__Requirement__: From the line with "第1位 桧原地区のみなさん" to the final line of the data below, please write out every line exactly, with no pictures.

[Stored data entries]

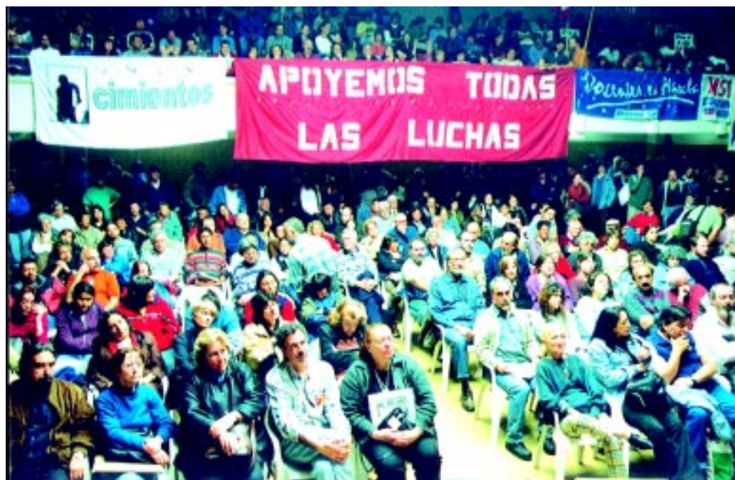
El encuentro se realizó en una Federación de Box repleta. El debate fue seguido con atención.

¡Muerte al capitalismo! ¡Muerte al imperialismo! ¡Viva el Socialismo!
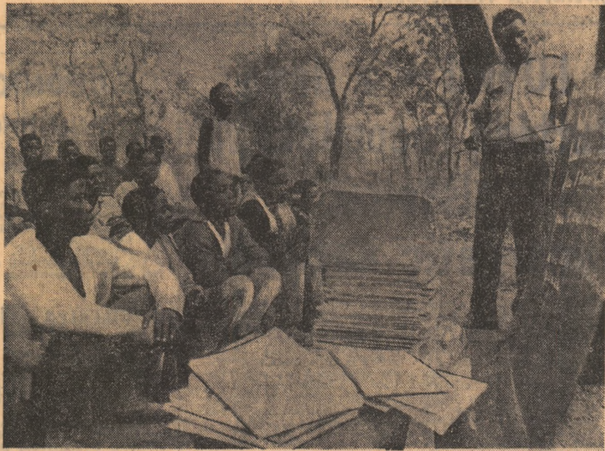
MOZAMBIK. — Aspect de la unul din cursurile de alfabetizare organizate în zonele eliberate din provincia Tete.

Purtătorul de cuvânt al Ministerului de Externe al Republicii Vietnamului de Sud a dat marți publicității o declarație, în care a condamnat administrația saigonese pentru raidurile aeriene întreprinse la 12 noiembrie asupra zonelor Thien Nghon și Xa Mat, din provincia Tay Ninh. Declarația menționează că, în cursul acestui raid, au fost ucise 600 de persoane civile precum și importante distrugerii materiale — arată declarația, care cere părții saigonese să înceteze neîntârzia acțiunile împotriva zonelor eliberate și să se conformeze acordurilor încheiate cu privire la Vietnam.
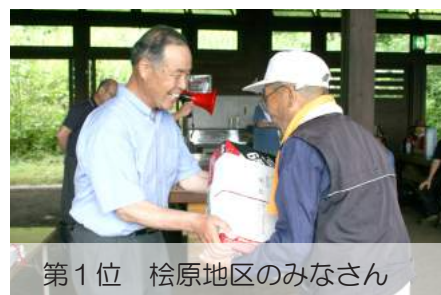
第1位 桧原地区のみなさん
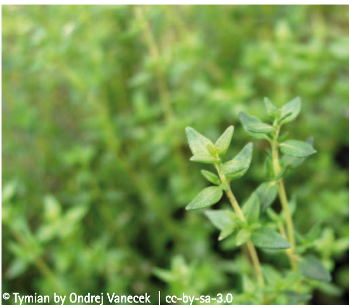
© Tymian by Ondrej Vanecek | cc-by-sa-3.0
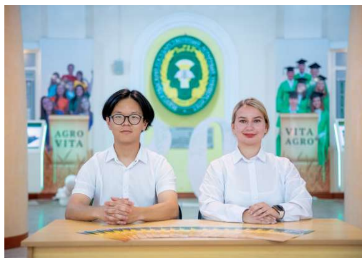
Абитуриентов встречают волонтеры

20 июня в Волгоградском ГАУ стартовала приемная кампания. В университете ждут всех, кто планирует поступать на программы бакалавриата, специалитета, магистратуры, аспирантуры и СПО. При подаче документов сотрудники приемной комиссии подробно расскажут о правилах приемах, выбранных специальностях и ответят на все интересующие вопросы.
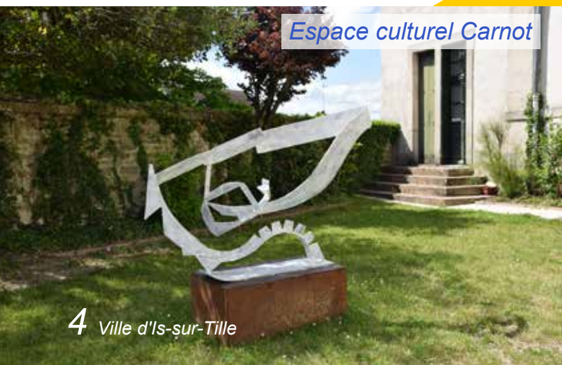
Espace culturel Carnot

__Exercise response__:
第1位 桧原地区のみなさん
© Tymian by Ondrej Vanecek | cc-by-sa-3.0
Абитуриентов встречают волонтеры

20 июня в Волгоградском ГАУ стартовала приемная кампания. В университете ждут всех, кто планирует поступать на программы бакалавриата, специалитета, магистратуры, аспирантуры и СПО. При подаче документов сотрудники приемной комиссии подробно расскажут о правилах приемах, выбранных специальностях и ответят на все интересующие вопросы.
Espace culturel Carnot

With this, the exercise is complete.